In addition, the physical vulnerability of patients is in many cases accompanied by emotional vulnerability. The diagnosis of a severe progressive chronic condition or the prospect of death can cause fear, anger, and despair. Relatives and friends of the patient may experience grief and anxiety. Hospital architecture and clinical routines can evoke intimidation and discomfiture. Again these emotional states are, on the one hand, visible signs of a prior emotional vulnerability. On the other hand, these emotional states sometimes increase the likelihood of further harm. For example, discomfort may result in unwillingness to follow a treatment regime, being agitated negatively influences the success of therapies, and prolonged grief may result in the loss of social relations and seclusion.

Finally, in cases of severe disease, patients may exhibit and experience elevated forms of cognitive vulnerability. First of all, when one gets to know a severe diagnosis, understanding medical facts concerning this diagnosis, one’s prognosis, and treatment options is challenging, and it is challenging to grasp the impact of these facts for one’s daily routines, working life, and other activities. In this regard, cognitive vulnerability describes the elevated difficulties of patients in certain situations to grasp medical facts and facts concerning one’s life-world. What is more, grasping these facts always also incorporates evaluative aspects. When one understands the potential impact of a chronic disease on one’s future life, different scenarios are accompanied by different evaluative colorings depending on how the scenarios affect one’s interests, preferences, and ideas of what constitutes a good life. When asked to choose a treatment option, patients are supposed to examine these options from the point of view of their preferences.
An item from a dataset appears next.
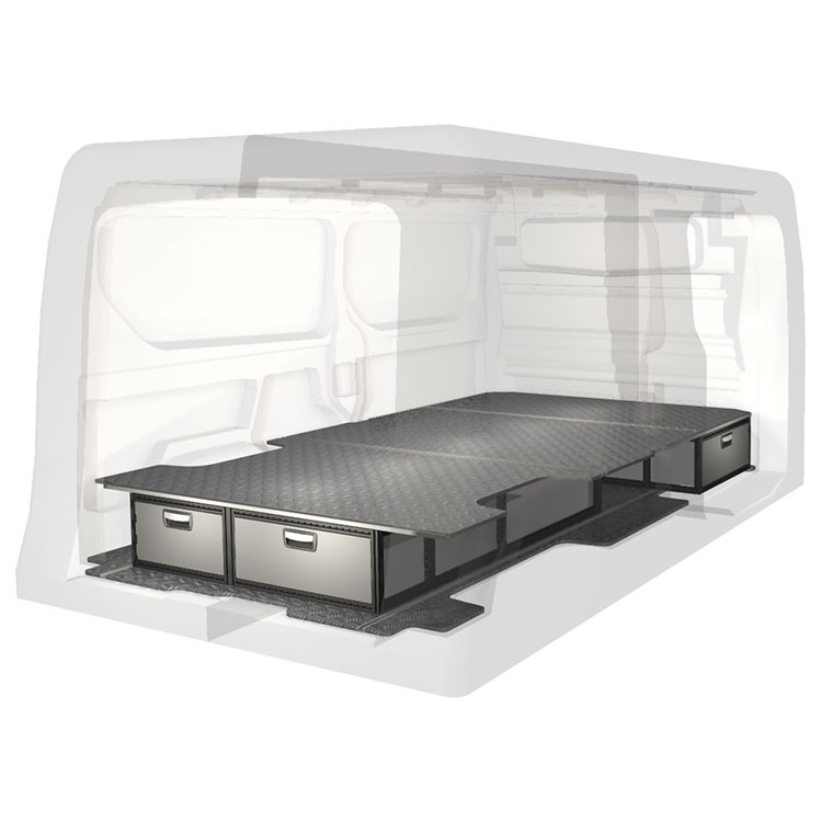 The kit is designed to be fitted on top of a Modul-Floor, utilizing the floor rails for a non-intrusive installation. The double floor is equipped with rails for easy installation of vehicle racking, and edging strips for a nice finish.

Again, given that these options potentially concern the rest of one’s lifetime and affect very basic preferences and values, this decision-making can be unsettling. At times, adapting one’s life to a chronic disease may call into question values and preferences that have hitherto shaped the life of a patient. Patients may feel urged to restructure and perhaps replace values they used to adhere to. The German idiomatic expression “Hauptsache gesund!”, (“Don’t worry, at least you are still healthy!”), which is used to console someone in cases of misfortune other than illness, bears witness to the high degree of priority one often assigns to health as compared to other valuable aims and states such as close social relations or a meaningful job. Patients with severe diseases may feel the need to reassess the ordering of preferences they have adhered to so far. This may result in a new order of preferences, or new interpretations of the meaning of “health”.

All this is to say that cognitive vulnerability comprises both factual understanding and evaluative reasoning. Factual understanding may be compromised by uncertainty and fear regarding one’s life to come. Evaluative reasoning involves making decisions with serious and long-term effects regarding one’s health and one’s future life, and these high stakes may cause anxiety. Evaluative reasoning may also consist of having to restructure basic values and ideas of a good life that partially define who one is and what one stands for as a person. In this case, evaluative reasoning becomes a process of personal identity transition that is oriented by experiences, preferences, and values, but that is not firmly guided by those preferences and values. Again, this process will often be accompanied by anxious uncertainty.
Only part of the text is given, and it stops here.